Но и этот кров был у Кеши недолго. В октябре Герасимов опять «подженился», и вселилась в сторожку нескладная, ругливая женщина. Старику она ни в чем не уступала, на слово отвечала десятью и на второй день дала понять Кеше, что троим в сторожке тесно. Он некоторое время перебивался на вокзале, где спал на жесткой холодной скамейке. Один из поездов приходил ночью. Зал наполнялся людьми, дверь на веревке с гирей оглушительно хлопала, однажды гирю сорвали, и с тех пор дверь подолгу оставалась открытой. Пронизывающий ветер кружился в зале…
Было над чем призадуматься — в такой остудный мрачный закоулок своротила жизнь. Хорошо, если Герасимов и с новой не ужился, а это могло быть. Ну, а если ужился, — куда преклонить голову? Да и не по душе старик, совсем поперек души… Шура-то не выгонит, куда там, не дождется он от нее ледяного слова. Она-то не прогонит, да стыд замучает, сам побежишь, не оглядываясь, хоть под открытое небо, лишь бы не видеть худых, с набрякшими жилками, рук ее, скорбной тени усталости на лице, торчащих из порванных рубах, штанишек и чулок локотков, колен и красных пяток детей ее…
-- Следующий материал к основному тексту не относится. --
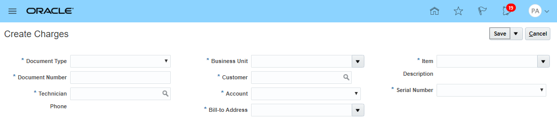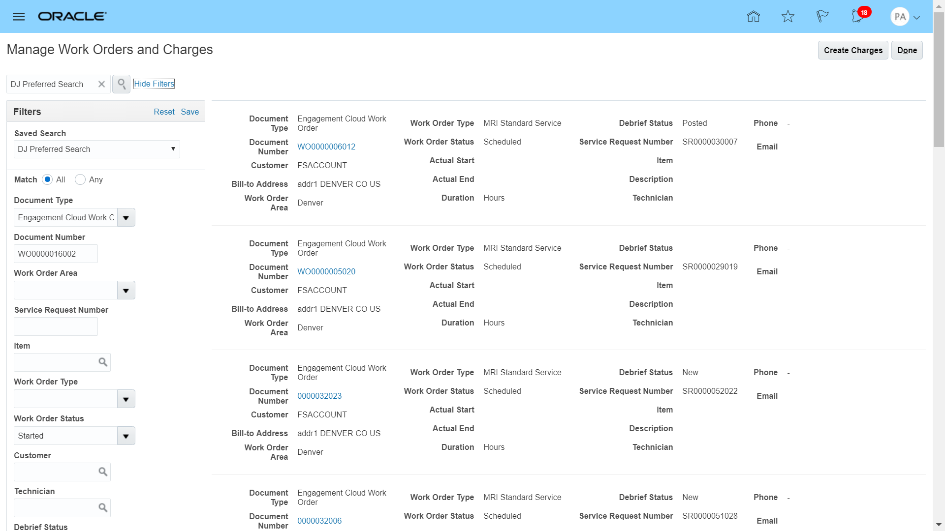 The Create Charges page supports creating debrief transactions for third party work orders or for Engagement Cloud work orders that have been debriefed using third party field service solutions. FS Admins can access the Create Charges page in two ways: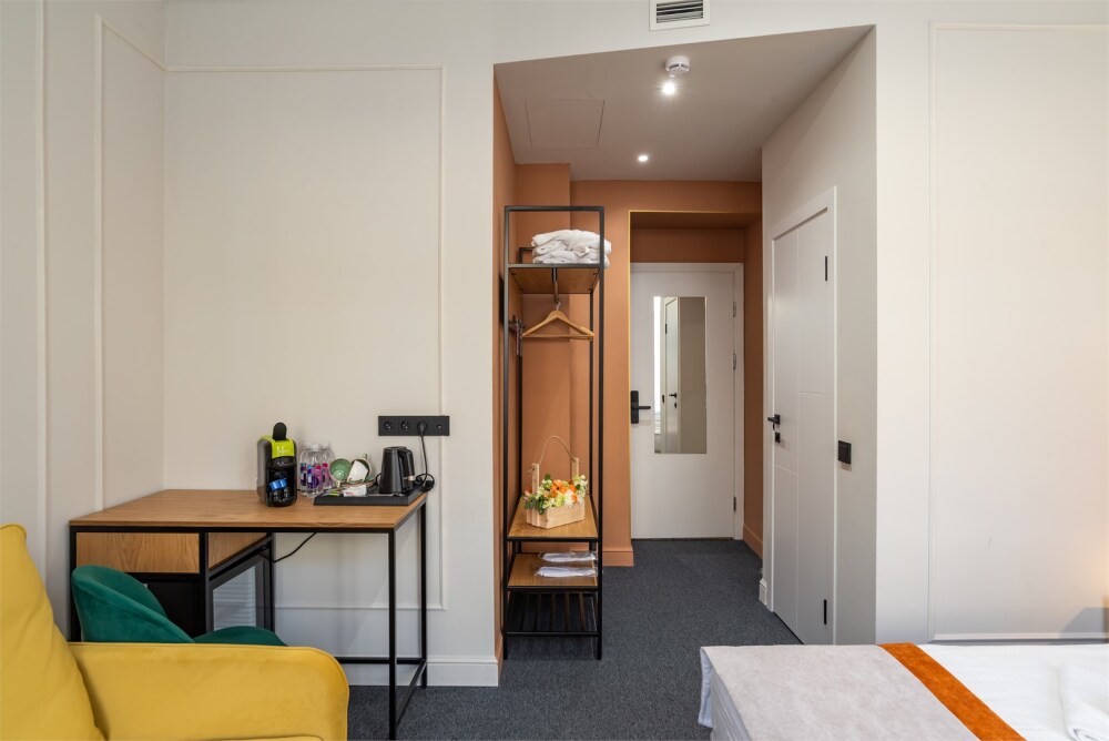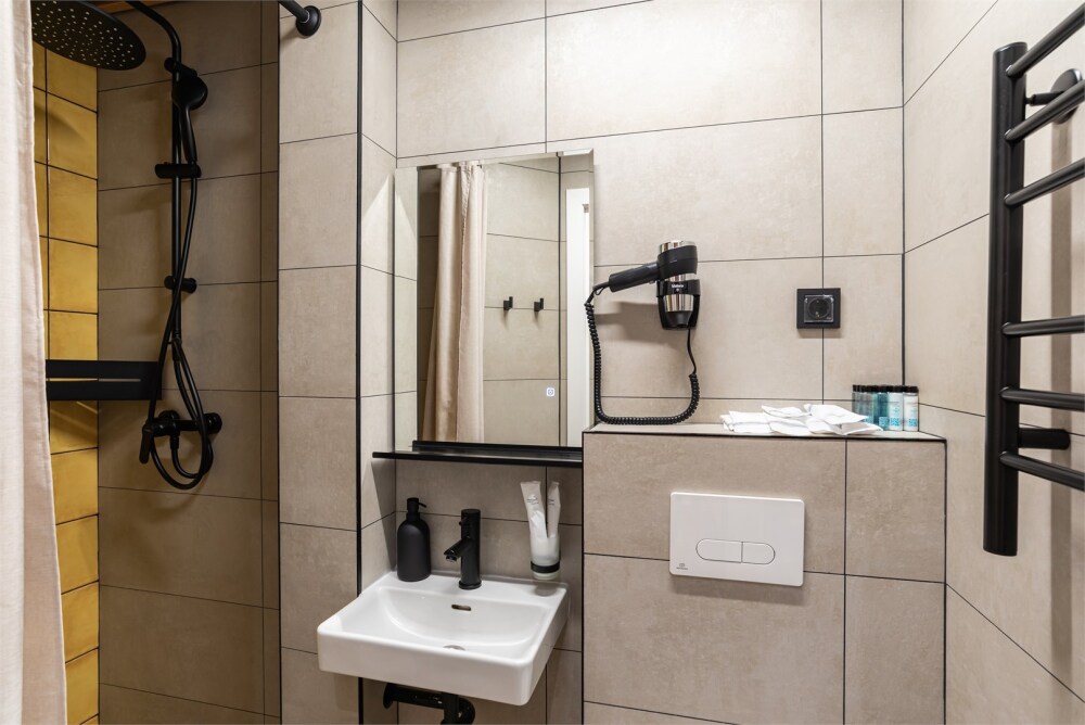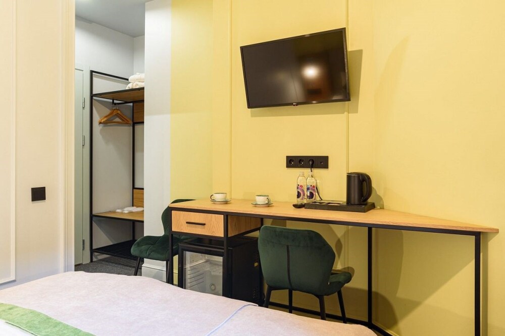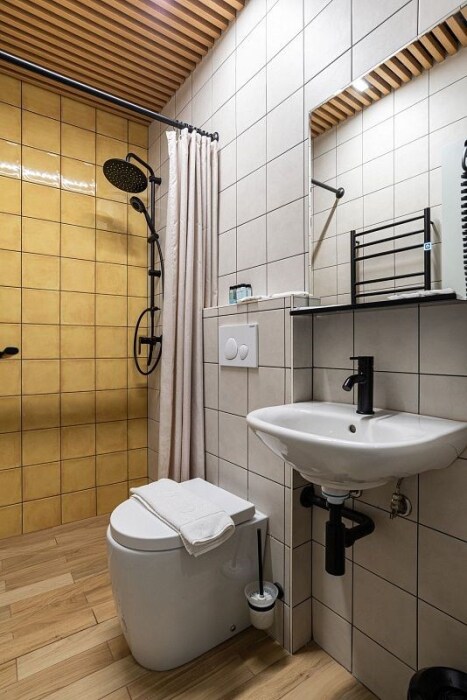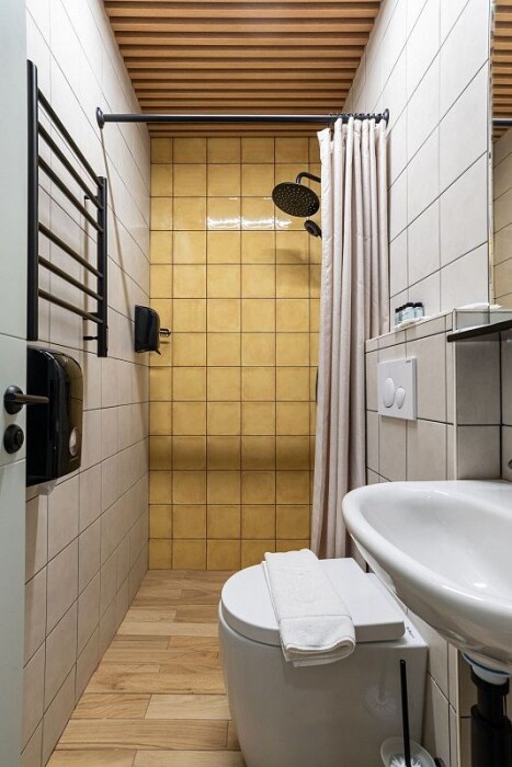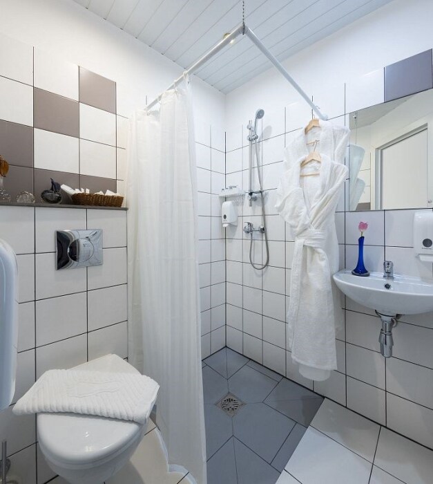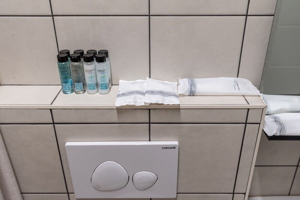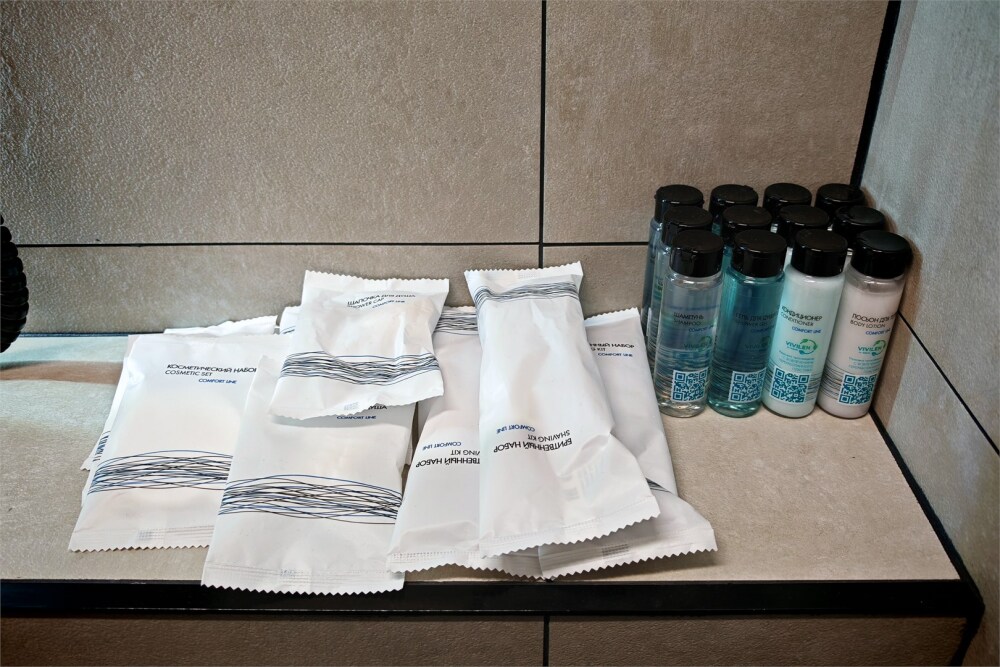 Комфорт в комнате: матрас здорового сна, постельное бельё и полотенца, индивидуальный санузел с душем и умная колонка «Алиса». Предоставляется белоснежное белье, полотенца, халаты, тапочки, все все туалетные принадлежности: гель, шампунь, лосьон, шапочки для душа, пилочка, спонж, бритва, крем, щетка зубная с пастой, фен.

Минут пять назад в прикладке — пристройке к основному, прядильному корпусу — перестал гудеть и щелкать шкивом, большой, весь черный, промасленный мотор. И в цехе все остановилось, успокоилось, и тишина широко расплылась по нему, заполнив промежутки между машинами. Часть работниц побежала в столовую, другая часть, в основном женщины пожилые, экономные, а то и скуповатые, собралась в уголке, за столом возле старого, из красной меди титана.
— Ну, — заметила, оглядывая подружек, одна из женщин, Фаина Соловьева, сухая, плоскогрудая, — нынче мы богатые. Нынче у нас своя столовка.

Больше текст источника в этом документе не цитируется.